Affari legali

AFFARI LEGALI: Commenti diffamatori sul datore di lavoro. Quali le conseguenze?

Le decisioni della Cassazione

Parecchio tempo fa questa rubrica, affrontando il tema della responsabilità per aver insultato il proprio datore di lavoro, aveva citato tra le sentenze più curiose quella del 31 maggio 2017, concernente il licenziamento del dipendente colpevole di aver criticato il proprio capo su facebook.

L’azienda in questione, cui la Corte d’appello aveva imposto non solo il risarcimento del danno in misura pari alla retribuzione globale di fatto dal momento della cessazione del rapporto lavorativo al saldo, ma anche la reintegra della persona lasciata a casa, ha a quell’epoca presentato ricorso dinnanzi alla Suprema Corte nella speranza che le proprie ragioni trovassero accoglimento.

La società ha rilevato la circostanza che i giudici del secondo grado non avessero concretamente applicato il nuovo articolo 18 della storica Legge 300/70, nella parte in cui lo stesso riconosce la tutela reintegratoria “solo in caso di insussistenza del fatto materiale posto a fondamento del licenziamento, sicché ogni valutazione che attenga al profilo della proporzionalità della sanzione rispetto alla gravità della condotta contestata, non è idonea a determinare la condanna del datore di lavoro alla reintegrazione del dipendente”.

Rigettando in toto il ricorso, la Cassazione aveva in quella pronuncia richiamato quanto già specificato nella sentenza n. 20540/15, ossia che il fatto dal quale è scaturito il licenziamento vada considerato “insussistente” anche qualora sia effettivamente sussistente ma privo del carattere di illiceità.

Partendo dal presupposto che nella fattispecie presa in esame le frasi asseritamente diffamatorie pubblicate sui social network non fossero di per sé illecite – conclusione, questa, non del tutto condivisibile – l’organo giudicante ha in quell’occasione previsto la tutela reintegratoria per la dipendente licenziata.

Posto che spesso e volentieri, come ormai i lettori più affezionati sanno bene, la Cassazione (assolutamente in modo legittimo, atteso che il nostro ordinamento non concepisce il precedente vincolante, proprio invece dei sistemi di common law) emette sentenze in direzione totalmente opposta, quest’oggi si intende accendere i riflettori su una recente pronuncia, di tutt’altro avviso.

Invero, gli Ermellini hanno cristallizzato il principio secondo il quale gli insulti al datore di lavoro rappresentano un reato, con la conseguente possibilità da parte della persona offesa di richiedere ed ottenere anche il risarcimento del danno, persino qualora siano pronunciati senza la vera intenzione di diffamare.

Nella caso questa volta in esame, l’impiegata di una residenza sanitaria – nell’ambito di una riunione – aveva definito i propri superiori dei “banditi”, alludendo implicitamente al fatto che non agissero in modo onesto e corretto.

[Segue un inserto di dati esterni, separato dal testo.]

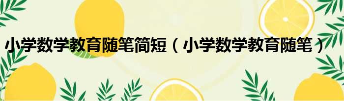 大家好,今天小六子来为大家解答以下的问题,关于小学数学教育随笔简短,小学数学教育随笔这个很多人还不知道,现在让我们一起来看看吧!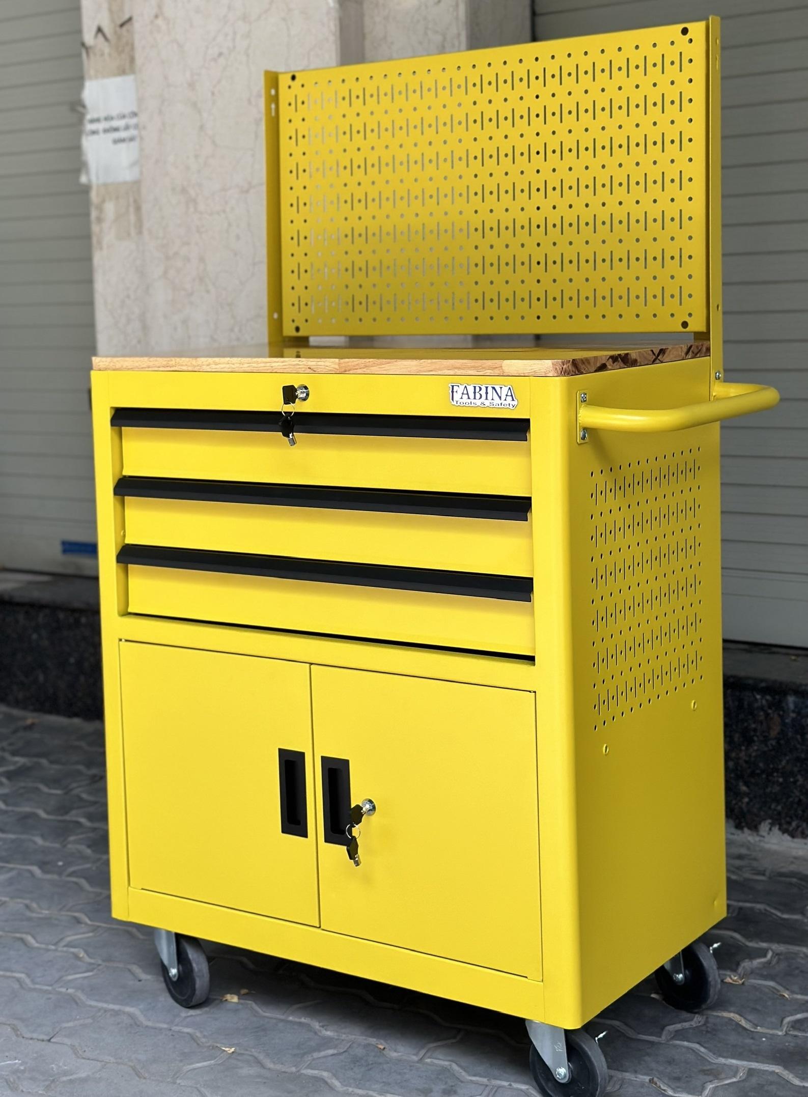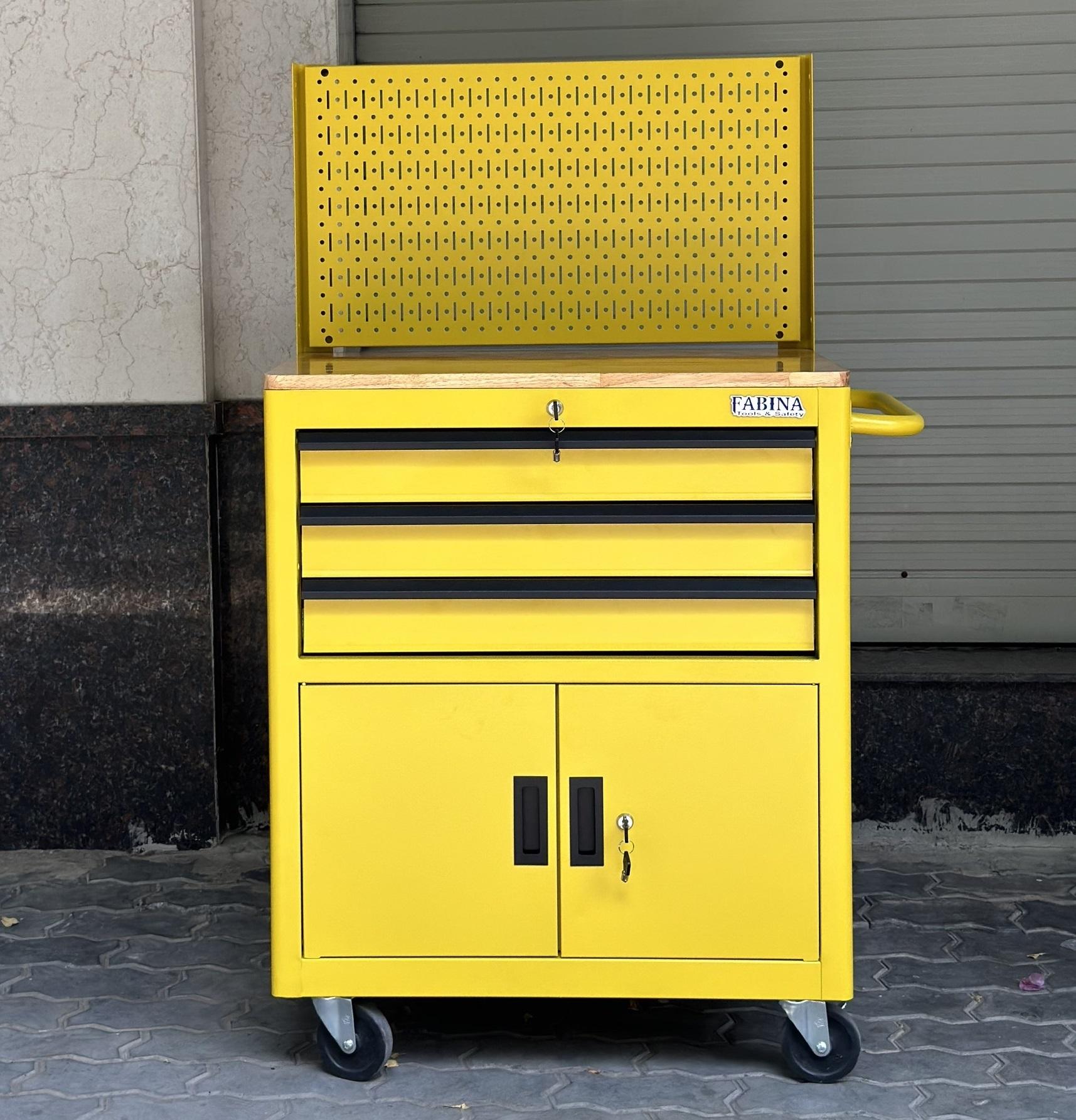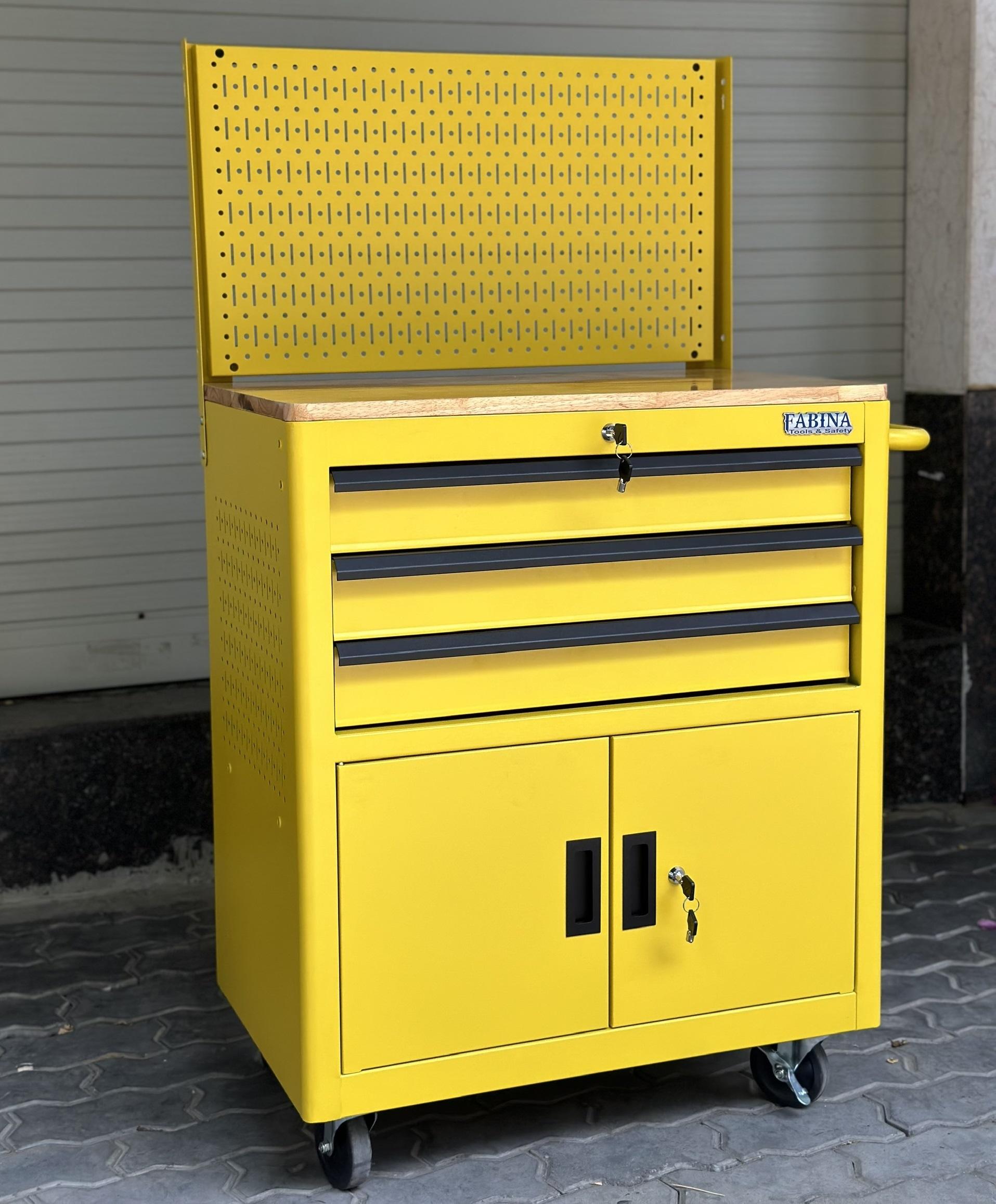 Fabina Yellow Tool Cabinet with 3 Drawers and 2 Storage Compartments with Pegboard

Ebbene, a parere della Suprema Corte tale affermazione integra senza dubbio alcuno la diffamazione, delitto che si consuma anche se si utilizza una parola a sproposito, magari non intendendo conferirgli il significato letterale che le appartiene.

In buona sostanza, è stato ritenuto sufficiente il “dolo eventuale”, ossia l’utilizzo di espressioni che, a prescindere dall’intenzione specifica di offendere la reputazione altrui e dalla conoscenza del significato specifico delle parole dette, possano essere interpretate come offensive da chi le ascolta.

Beh, senza voler alimentare inutili polemiche, è ovvio che susciti qualche perplessità questa marcata differenziazione tra la prima e la seconda situazione prospettata, atteso che determinate critiche pubblicate sui social network certamente possono dimostrarsi molto più lesive dell’immagine di una società, rispetto a due parole (di sicuro inopportune) dette nel corso di una riunione a porte chiuse.